The ultimate answer is accessibility, with a secondary answer of purpose. Reasons why XZ is not necessarily as suitable as Gzip:

  • Embedded and legacy systems are far more likely to lack sufficient available memory to decompress LZMA/LZMA2 archives such as XZ. As an example, if XZ can shave 400 KiB (vs. Gzip) off of a package destined for an OpenWrt router, what good is the minor space savings if the router has 16 MiB of RAM? A similar situation appears with very old computer systems. One might scoff at the thought of downloading and compiling the latest version of Bash on an ancient SparcStation LX with 32MB of RAM, but it happens.

  • Such systems usually have slow processors, and decompression time increases can be very high. Three seconds extra to decompress on your Core i5 can be severely long on a 200 MHz ARM core or a 50 MHz microSPARC. Gzip compression is extremely fast on such processors when compared to all better compression methods such as XZ or even Bzip2.

  • Gzip is pretty much universally supported by every UNIX-like system (and nearly every non-UNIX-like system too) created in the past two decades. XZ availability is far more limited. Compression is useless without the ability to decompress it.

  • Higher compression takes a lot of time. If compression time is more important than compression ratio, Gzip beats XZ. Honestly, lzop is much faster than Gzip and still compresses okay, so applications that need the fastest compression possible and don't require Gzip's ubiquity should look at that instead. I routinely shuffle folders quickly across a trusted LAN connection with commands such as "tar -c * | lzop -1 | socat -u - tcp-connect:192.168.0.101:4444" and Gzip could be used similarly over a much slower link (i.e. doing the same thing I just described through an SSH tunnel over the Internet).

Now, on the flip side, there are situations where XZ compression is vastly superior:

  • Sending data over slow links. The Linux 3.7 kernel source code is 34 MiB smaller in XZ format than in Gzip format. If you have a super fast connection, choosing XZ could mean saving one minute of download time; on a cheap DSL connection or a 3G cellular connection, it could shave an hour or more off the download time.

  • Shrinking backup archives.

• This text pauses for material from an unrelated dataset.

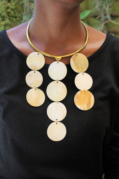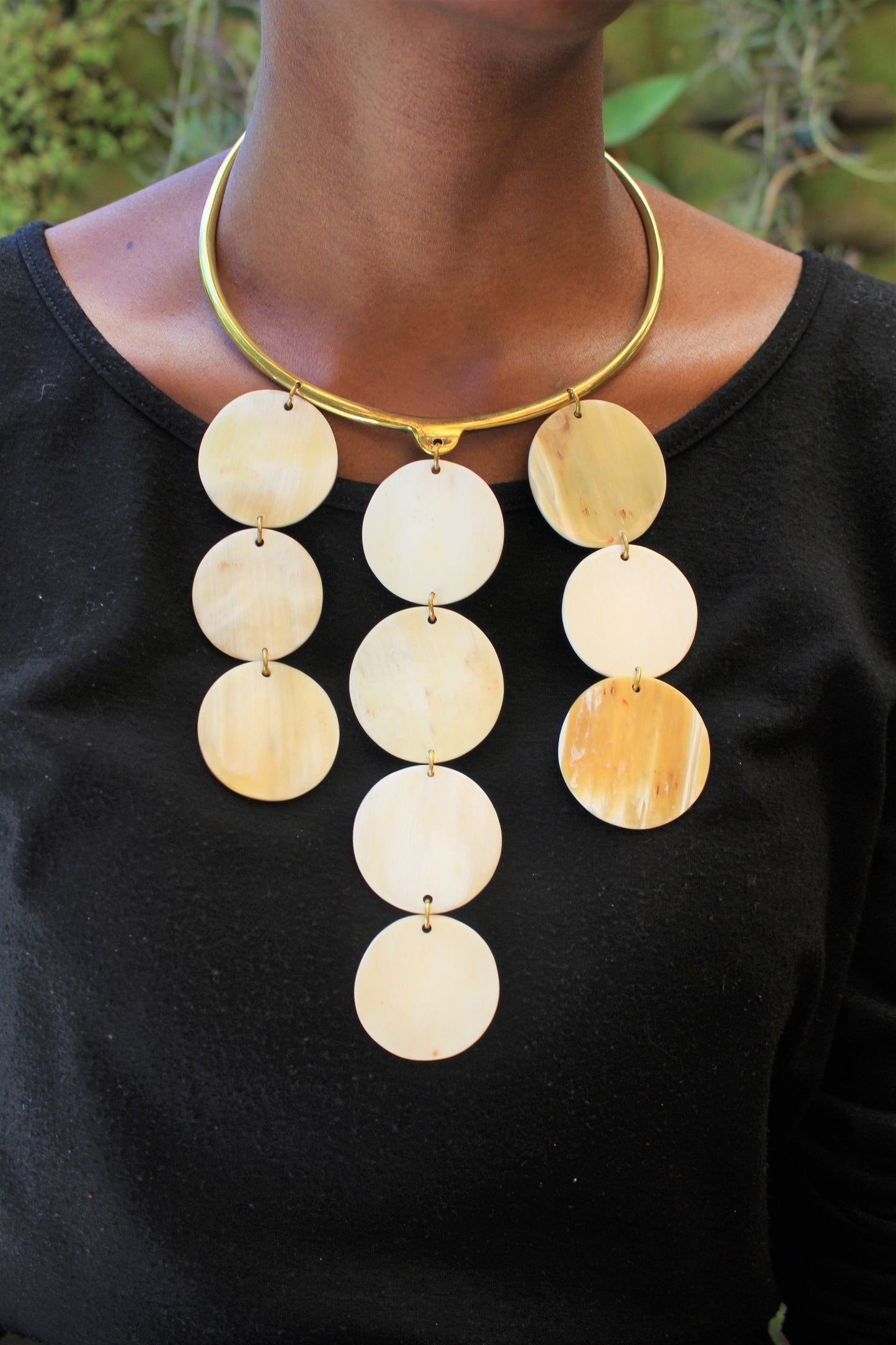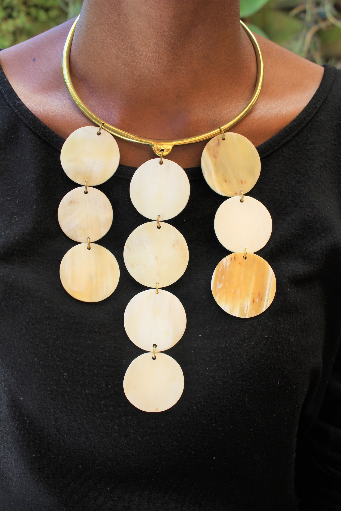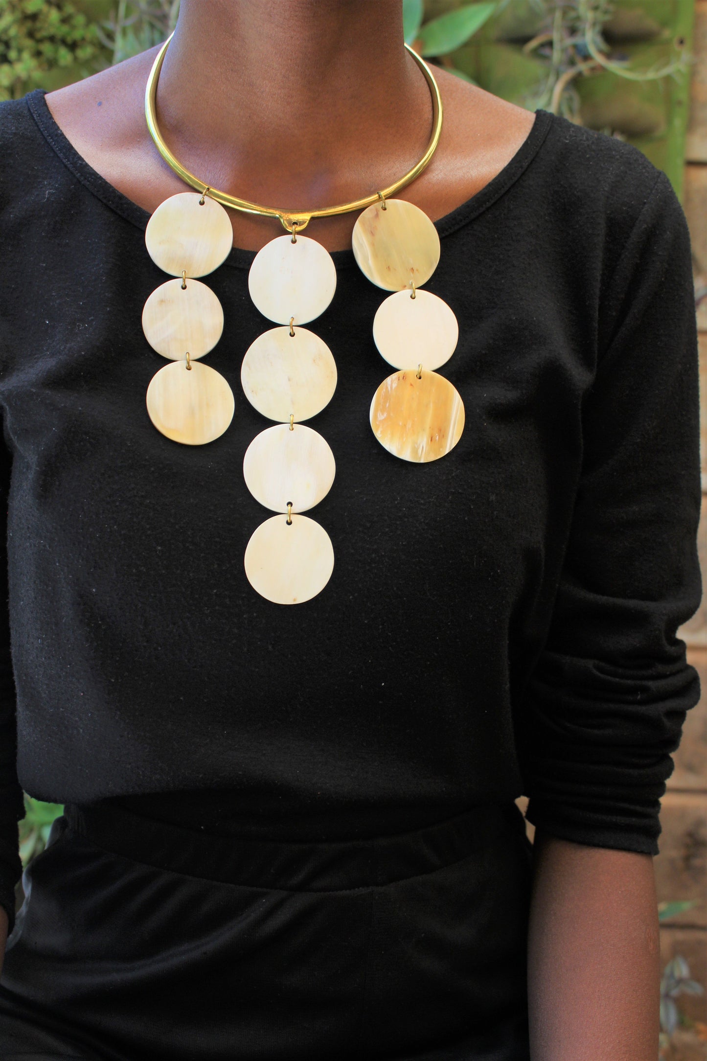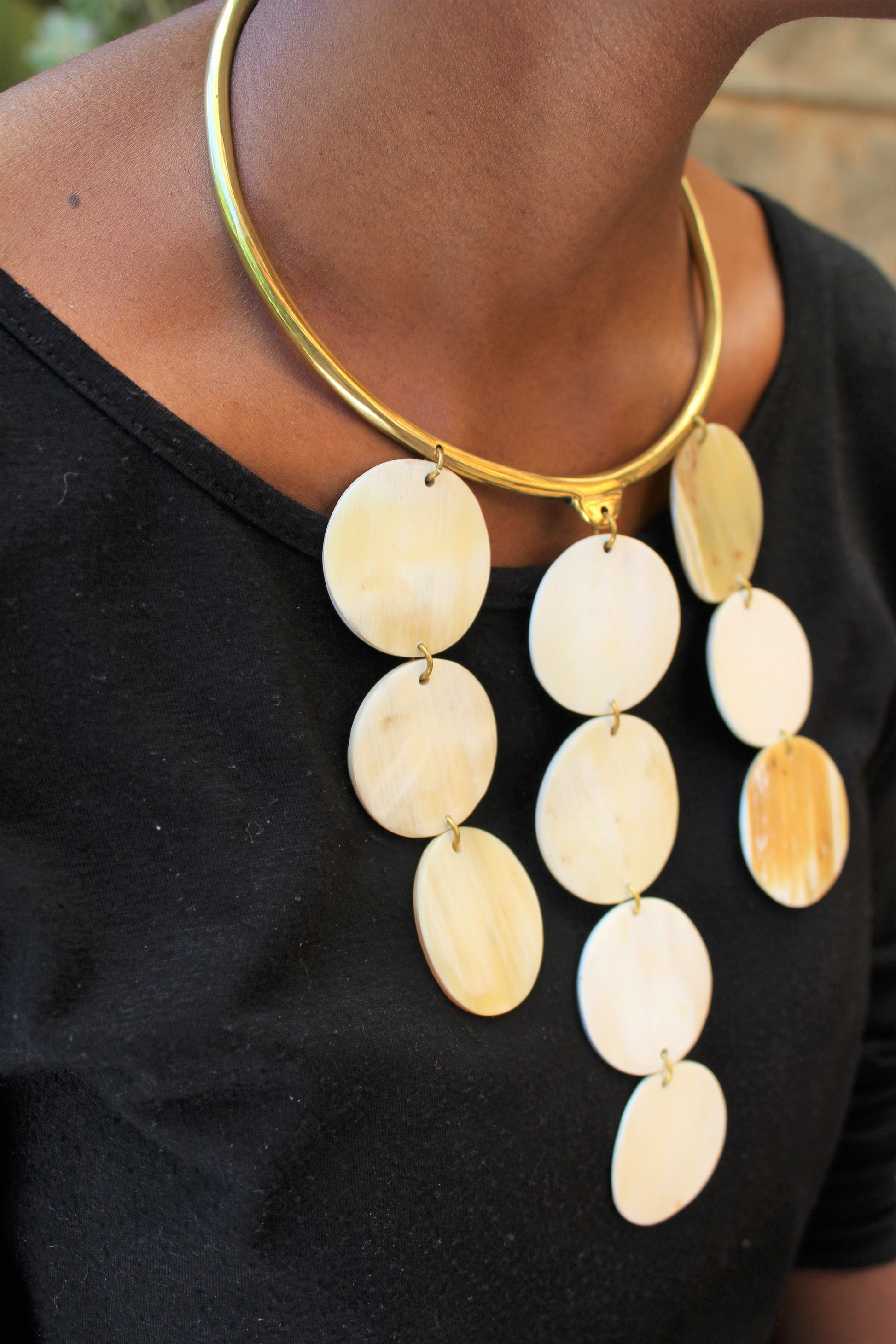 This necklace was carefully crafted by hand in Nairobi, Kenya using brass and horn pendants. It is completed with a stylish brass clasp and has a neck width of 13cm. The necklace itself measures 29.2cm from the clasp to the bottom, and features a unique white horn pendant that measures 3.3cm in length and 3.2cm in width.

Compressing the source code for Apache's httpd-2.4.2 with "gzip-9" vs. "xz -9e" yields an XZ archive that is 62.7% the size of the Gzip archive. If the same compressibility exists in a data set you currently store as 100 GiB worth of .tar.gz archives, converting to .tar.xz archives would cut a whopping 37.3 GiB off of the backup set. Copying this entire backup data set to a USB 2.0 hard drive (maxing out around 30 MiB/sec transfers) as Gzipped data would take 55 minutes, but XZ compression would make the backup take 20 minutes less. Assuming you'll be working with these backups on a modern desktop system with plenty of CPU power and the one-time-only compression speed isn't a serious problem, using XZ compression generally makes more sense. Why shuffle around extra data if you don't need to?

  • Distributing large amounts of data that might be highly compressible. As previously mentioned, Linux 3.7 source code is 67 MiB for .tar.xz and 101 MiB for .tar.gz; the uncompressed source code is about 542 MiB and is almost entirely text. Source code (and text in general) is typically highly compressible because of the amount of redundancy in the contents, but compressors like Gzip that operate with a much smaller dictionary don't get to take advantage of redundancy that goes beyond their dictionary size.

Ultimately, it all falls back to a four-way tradeoff: compressed size, compression/decompression speed, copying/transmission speed (reading the data from disk/network), and availability of the compressor/decompressor. The selection is highly dependent on the question "what are you planning to do with this data?"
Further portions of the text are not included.